En Angleterre elle-même, sur une base française évidemment puisque la construction du royaume anglais s’est faite à partir de l’héritage normand, il est bien difficile de parler d’un modèle français. On pourrait, bien sûr, soutenir que le law french a été la langue juridique du royaume pendant le Moyen Âge (son usage ne sera interdit devant les tribunaux qu’à partir du 25 mars 1733), mais le français était aussi la langue de la cour ; on pourrait démontrer que la juridiction du chancelier découle du droit canonique, que la notion d’equity doit tout au jus commune européen et que le droit commercial est en fait du droit romain. Il suffirait, pour cela, d’insister sur l’origine normande de la construction insulaire. On note aussi, cependant, une traduction de Domat due à W. Strahan en 1722 et un regard accordé à Pothier. Le Code civil a exercé une influence indirecte sur le droit anglais, par exemple en matière de servitudes, tel que le signale Gale en 1839 dans son ouvrage Easements (« Servitudes »). Mais, même lorsque cette influence a eu lieu, elle a été très vite gommée : dès la fin du xixe siècle, les traités de droit anglais font disparaître toutes les références qui pouvaient subsister à Pothier et au Code civil.
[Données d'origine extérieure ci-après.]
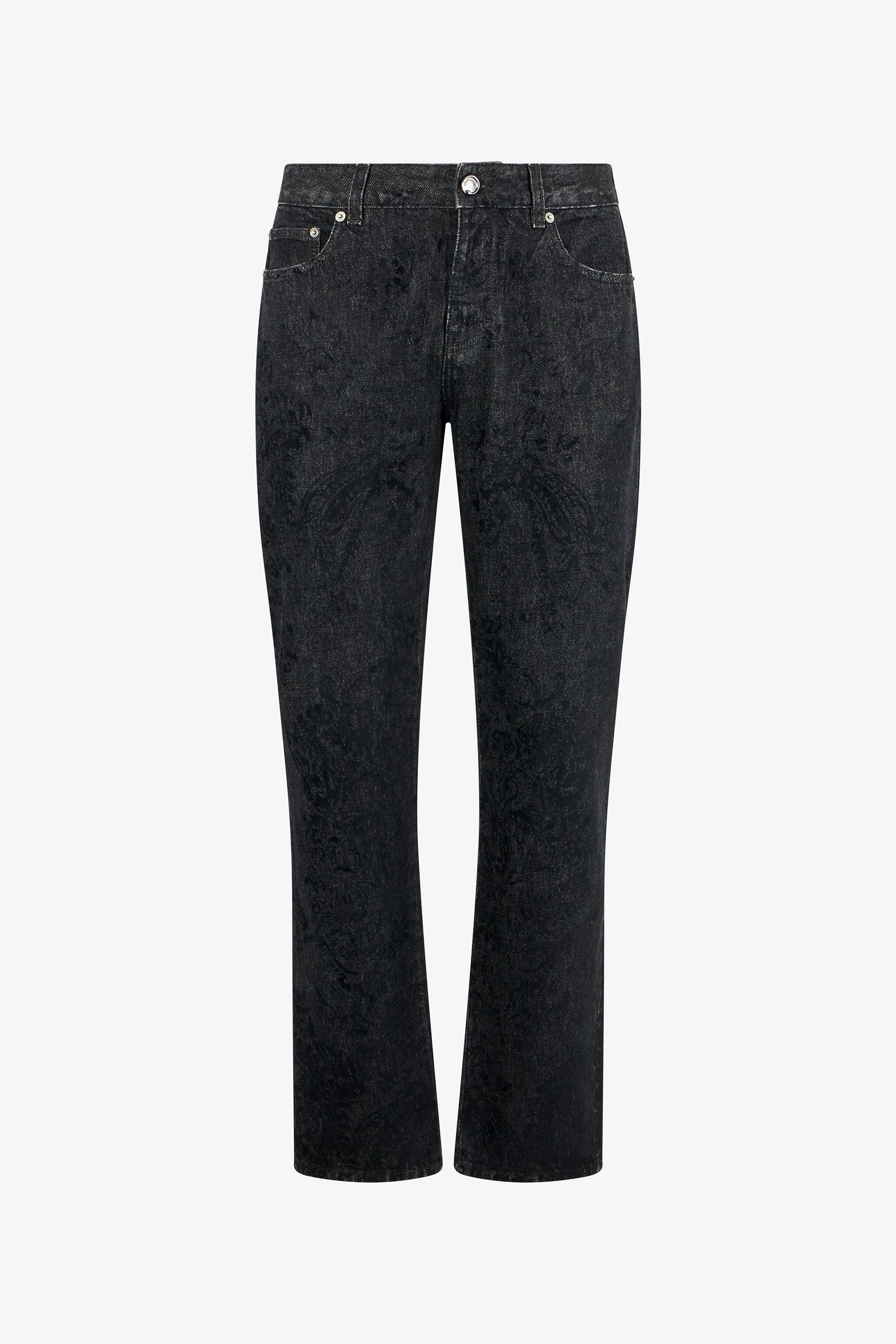 ID: WRJ209-VT036-05051 These jeans embody the timeless elegance of black denim, enhanced by a delicate pattern that adds a sophisticated touch. The straight-leg silhouette flatters the figure, while refined details draw the eye. Perfect for anyone seeking a versatile yet distinctive piece, able to transform every outfit into a true style experience. Details - Delicate motif on deep black fabric - Straight silhouette that flatters the figure - Refined, distinctive detailing - Denim that blends elegance with versatility

En Écosse, les choses sont à peine différentes. En 1829, Bell, dans ses Principles of the law of Scotland (et il en allait de même dans ses Commentaries quelque temps auparavant), cite non seulement Domat et Pothier, mais aussi des articles du Code civil. Mais la technique de plaidoirie, essentiellement orale, pousse ici aussi à un abandon de l’influence doctrinale étrangère et particulièrement, dans le cas qui nous intéresse, française.